President Donald Trump said Wednesday that he would turn to the Supreme Court if Democrats decided to pursue impeachment proceedings against him.
“I DID NOTHING WRONG,” the president wrote in a series of tweets posted Wednesday. “If the partisan Dems ever tried to impeach, I would first head to the U.S. Supreme Court.”
It was not clear how the Supreme Court could legally intervene if Congress moved to impeach Trump. The court ruled unanimously in 1993 that authority over impeachment trials "is reposed in the Senate and nowhere else," according to government records and Politico.
Joshua Matz, a lawyer specializing in constitutional law, told The Washington Post that Trump's tweets reflected "a profound misunderstanding," as the court has "no constitutional warrant to second-guess the substance of an impeachment judgment."
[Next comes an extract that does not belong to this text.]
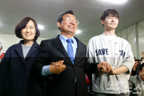 새누리당 이정현 의원이 가족과 손을 잡은 채 밝은 표정을 짓고 있다 (사진=고영호 기자)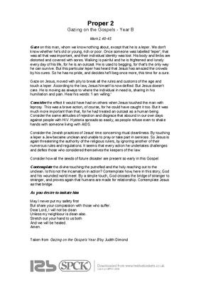 Gaze on this man, whom we know nothing about, except that he is a leper. We don’t know whether he’s old or young, rich or poor. Once someone was labelled ‘leper’, that was all that was important, and their individual identity was lost. His body and limbs are distorted and covered with sores. Walking is painful and he is frightened and lonely every day of his life, for he is an outcast. He is used to begging, for that’s the only way he can survive. But this particular leper has heard that Jesus has amazed the crowds by his cures. So he has no pride, and decides he’ll beg once more, this time for a cure...

Calls for Trump's impeachment have grown following the release of a redacted version of special counsel Robert Mueller's report on Russian election meddling. The special counsel said he found no evidence the Trump campaign colluded with Russian officials to win the 2016 presidential election, though he couldn't rule out the possibility that the president might have obstructed justice.
“The evidence we obtained about the President’s actions and intent presents difficult issues that would need to be resolved if we were making a traditional prosecutorial judgment,” Mueller said in his report. “At the same time, if we had confidence after a thorough investigation of the facts that the President clearly did not commit obstruction of justice, we would so state. Based on the facts and the applicable legal standards, we are unable to reach that judgment.”
The report spelled out 10 instances of potential obstruction of justice by Trump.
U.S. Attorney General William Barr said at a news conference that he and Deputy Attorney General Rod Rosenstein decided after reading Mueller’s report that there was not enough evidence to bring charges against the president.